WHAT IS NEEDED: Please output the listing below character for character and omit the images.

INPUT DATA:
□ □ □
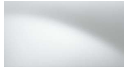
לבן קרח (369)
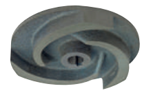
GIRANTE HCR HIGH CHROME IMPELLER
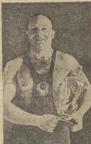
JAN KOTKAS - zapaśniczy mistrz olimpijski wsiach wag w stylu grecko-rzymskim.

Należy przypuszczać, że w najbliższym czasie przybędzie
□ □ □
YOUR RESPONSE:
לבן קרח (369)
GIRANTE HCR HIGH CHROME IMPELLER
JAN KOTKAS - zapaśniczy mistrz olimpijski wsiach wag w stylu grecko-rzymskim.

Należy przypuszczać, że w najbliższym czasie przybędzie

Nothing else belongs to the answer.